START MATERIAL PROVIDED

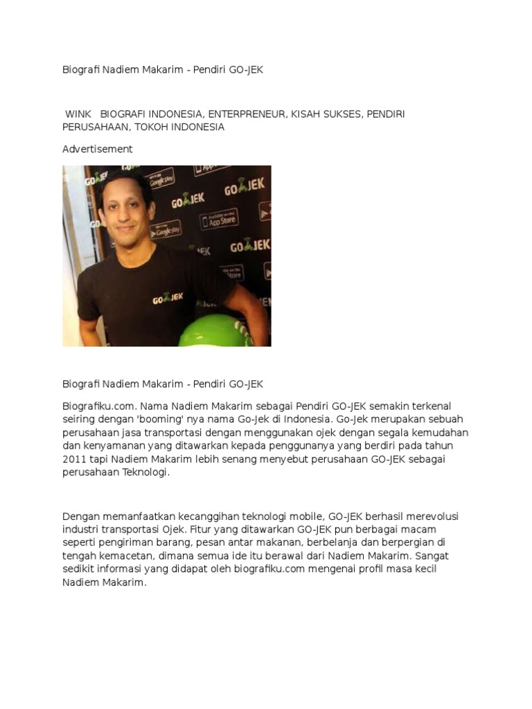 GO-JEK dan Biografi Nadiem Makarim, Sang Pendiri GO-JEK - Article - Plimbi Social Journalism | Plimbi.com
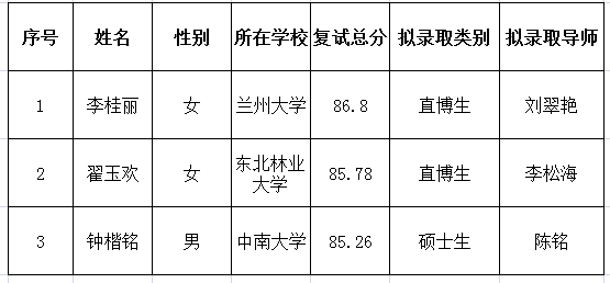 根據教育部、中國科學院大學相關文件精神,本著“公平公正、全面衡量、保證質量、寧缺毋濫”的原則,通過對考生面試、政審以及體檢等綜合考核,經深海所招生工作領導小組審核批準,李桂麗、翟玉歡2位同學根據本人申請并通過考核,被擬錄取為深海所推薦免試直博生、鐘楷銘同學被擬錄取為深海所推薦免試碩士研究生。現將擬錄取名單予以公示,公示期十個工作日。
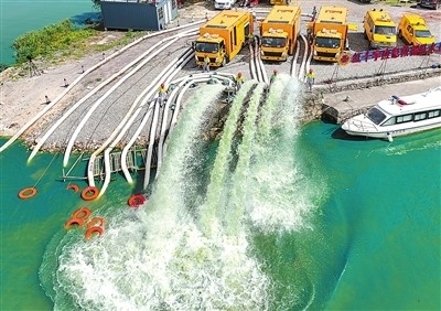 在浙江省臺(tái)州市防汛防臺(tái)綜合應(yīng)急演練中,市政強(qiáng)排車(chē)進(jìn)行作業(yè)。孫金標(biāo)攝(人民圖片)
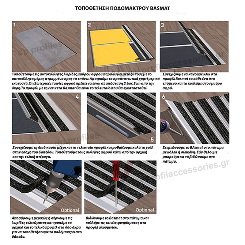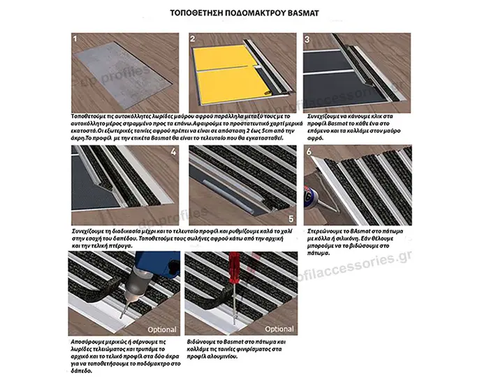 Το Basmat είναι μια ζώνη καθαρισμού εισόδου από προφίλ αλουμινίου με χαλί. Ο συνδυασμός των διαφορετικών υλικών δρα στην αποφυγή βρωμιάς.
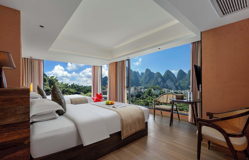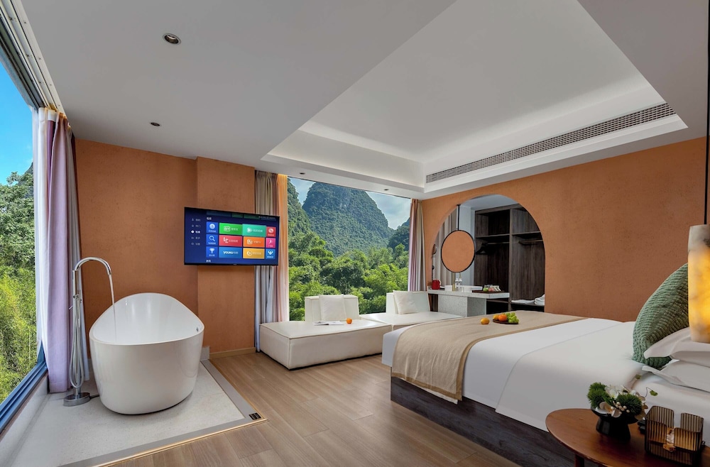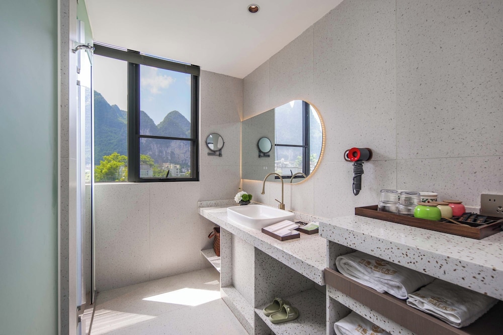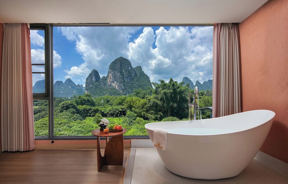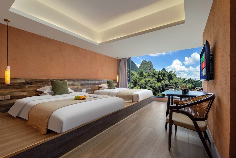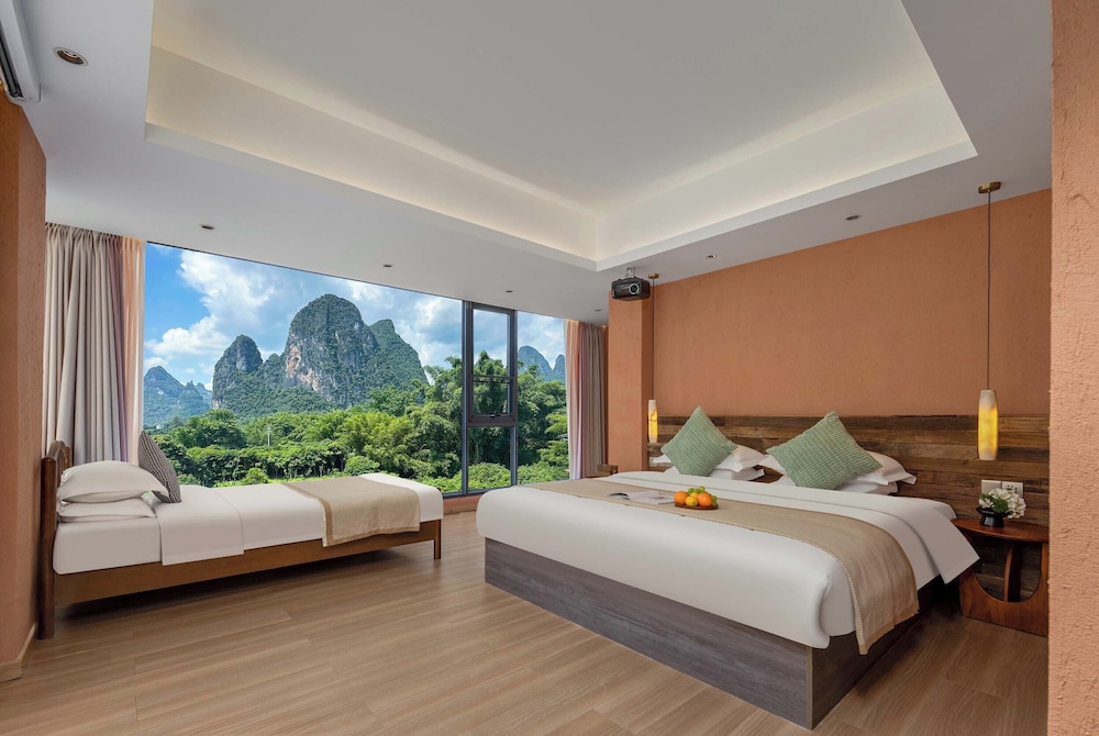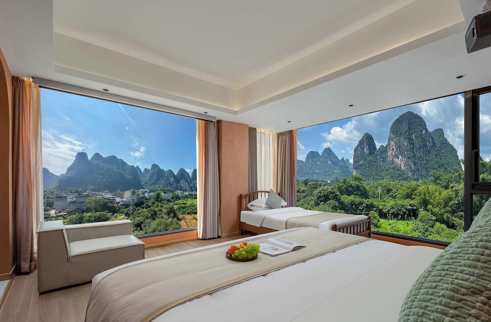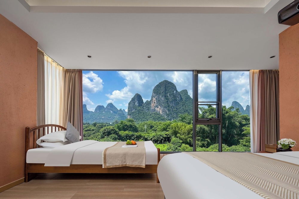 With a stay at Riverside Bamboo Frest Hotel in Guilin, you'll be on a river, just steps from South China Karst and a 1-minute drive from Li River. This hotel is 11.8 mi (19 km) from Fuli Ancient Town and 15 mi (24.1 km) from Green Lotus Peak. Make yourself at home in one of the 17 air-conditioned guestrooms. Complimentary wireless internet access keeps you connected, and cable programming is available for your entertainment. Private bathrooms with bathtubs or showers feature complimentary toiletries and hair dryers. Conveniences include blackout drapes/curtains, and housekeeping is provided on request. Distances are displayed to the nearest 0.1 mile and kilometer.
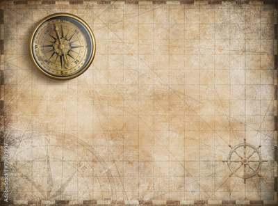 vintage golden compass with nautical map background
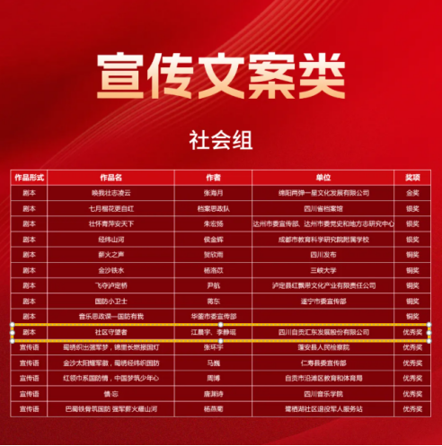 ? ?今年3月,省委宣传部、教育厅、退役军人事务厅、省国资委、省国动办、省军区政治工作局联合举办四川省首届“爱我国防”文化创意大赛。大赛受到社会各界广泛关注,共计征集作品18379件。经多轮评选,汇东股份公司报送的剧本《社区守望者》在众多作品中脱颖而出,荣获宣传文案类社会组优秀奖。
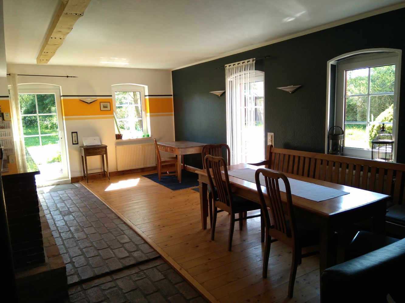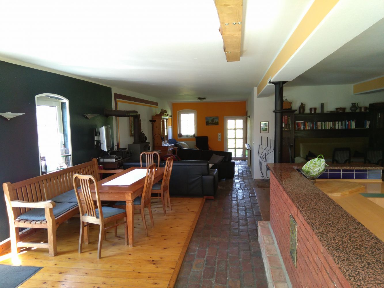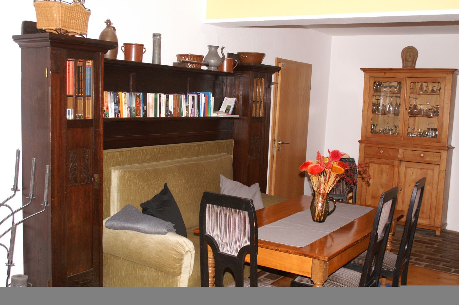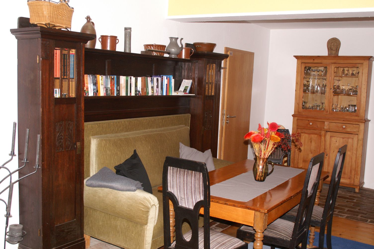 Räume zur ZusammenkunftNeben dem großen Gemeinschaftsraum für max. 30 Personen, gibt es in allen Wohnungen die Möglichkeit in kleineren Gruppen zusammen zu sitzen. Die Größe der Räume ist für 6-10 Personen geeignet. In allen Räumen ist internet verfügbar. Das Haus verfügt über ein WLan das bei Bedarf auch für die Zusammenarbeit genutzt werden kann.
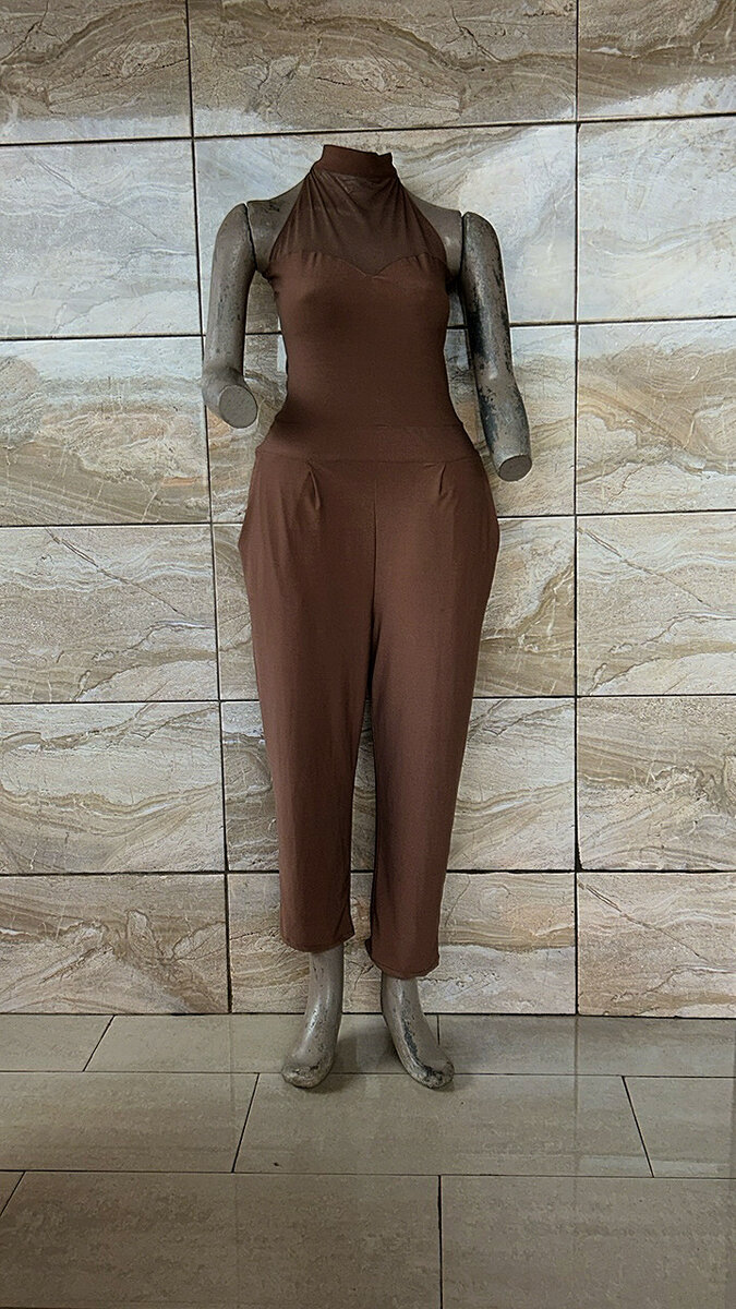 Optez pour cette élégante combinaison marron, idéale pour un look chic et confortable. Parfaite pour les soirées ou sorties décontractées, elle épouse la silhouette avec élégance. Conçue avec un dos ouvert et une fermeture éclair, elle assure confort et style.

END MATERIAL PROVIDED

Pictures stay out. Print the data exactly, from its first line through the line containing "Το Basmat είναι".

ANSWER TO THIS PROBLEM →
 GO-JEK dan Biografi Nadiem Makarim, Sang Pendiri GO-JEK - Article - Plimbi Social Journalism | Plimbi.com
 根據教育部、中國科學院大學相關文件精神,本著“公平公正、全面衡量、保證質量、寧缺毋濫”的原則,通過對考生面試、政審以及體檢等綜合考核,經深海所招生工作領導小組審核批準,李桂麗、翟玉歡2位同學根據本人申請并通過考核,被擬錄取為深海所推薦免試直博生、鐘楷銘同學被擬錄取為深海所推薦免試碩士研究生。現將擬錄取名單予以公示,公示期十個工作日。
 在浙江省臺(tái)州市防汛防臺(tái)綜合應(yīng)急演練中,市政強(qiáng)排車(chē)進(jìn)行作業(yè)。孫金標(biāo)攝(人民圖片)
 Το Basmat είναι μια ζώνη καθαρισμού εισόδου από προφίλ αλουμινίου με χαλί. Ο συνδυασμός των διαφορετικών υλικών δρα στην αποφυγή βρωμιάς.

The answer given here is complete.